**** DATA FOR THIS TASK

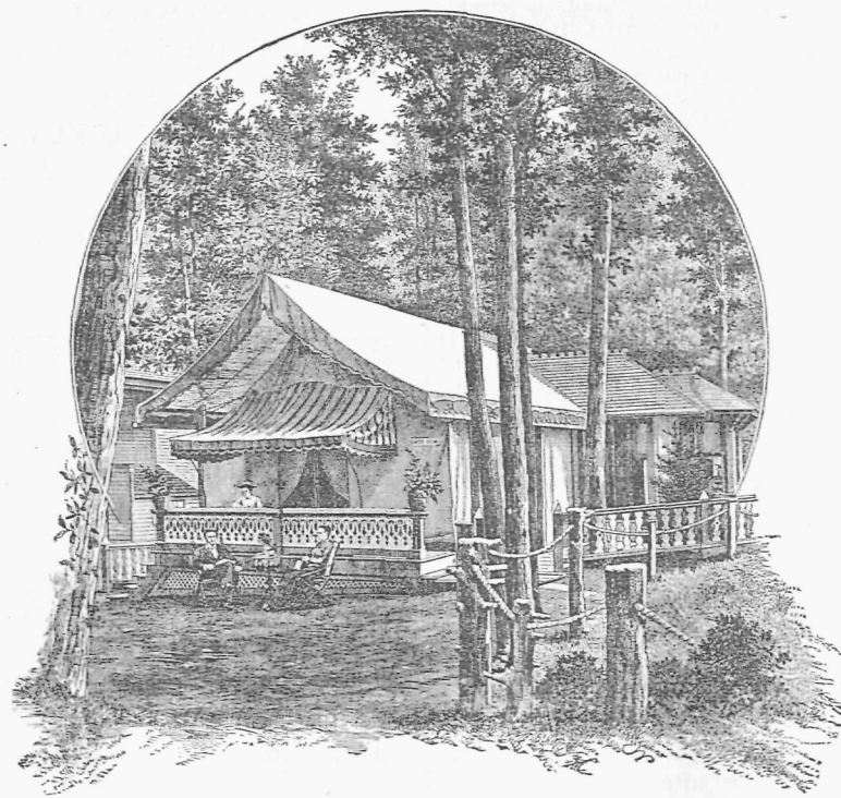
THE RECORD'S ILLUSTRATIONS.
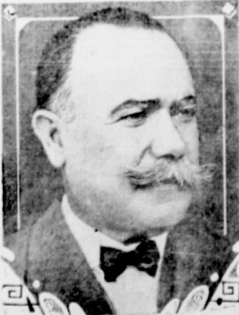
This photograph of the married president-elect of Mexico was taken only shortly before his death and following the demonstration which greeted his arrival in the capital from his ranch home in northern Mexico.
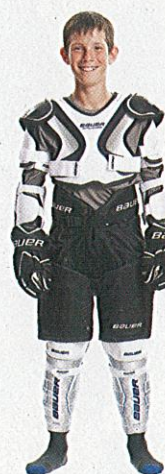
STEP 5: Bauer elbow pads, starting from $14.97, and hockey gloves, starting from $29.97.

********
**** DATA FOR THIS TASK

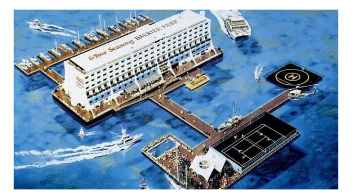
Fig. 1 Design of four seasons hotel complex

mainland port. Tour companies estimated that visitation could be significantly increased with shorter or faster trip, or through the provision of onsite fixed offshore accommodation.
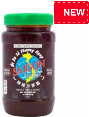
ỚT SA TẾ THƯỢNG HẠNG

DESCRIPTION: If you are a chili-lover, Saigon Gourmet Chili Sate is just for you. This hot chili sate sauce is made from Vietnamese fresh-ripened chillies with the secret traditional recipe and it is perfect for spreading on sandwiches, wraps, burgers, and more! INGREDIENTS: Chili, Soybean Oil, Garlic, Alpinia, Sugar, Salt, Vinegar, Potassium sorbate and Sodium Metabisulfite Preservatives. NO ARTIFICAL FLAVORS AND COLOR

********
**** DATA FOR THIS TASK

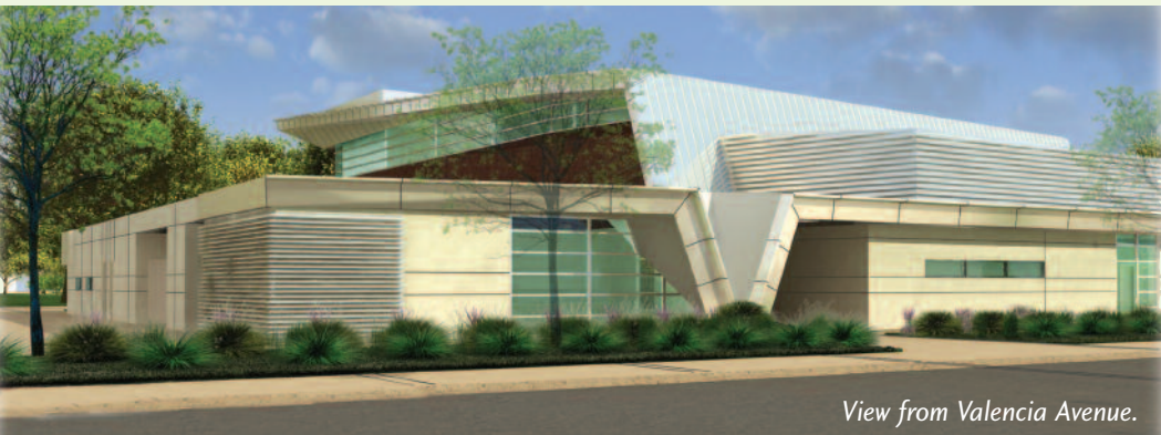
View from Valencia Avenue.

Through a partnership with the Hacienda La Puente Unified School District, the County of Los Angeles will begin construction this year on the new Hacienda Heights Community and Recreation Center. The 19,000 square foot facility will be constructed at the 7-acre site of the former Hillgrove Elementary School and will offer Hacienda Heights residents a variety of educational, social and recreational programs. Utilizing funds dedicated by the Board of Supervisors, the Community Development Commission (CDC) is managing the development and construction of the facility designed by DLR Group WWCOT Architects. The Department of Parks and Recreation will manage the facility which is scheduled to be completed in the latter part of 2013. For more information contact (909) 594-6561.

********

Each line in the entries above that includes the string "from" adds to the count; state that count only.

4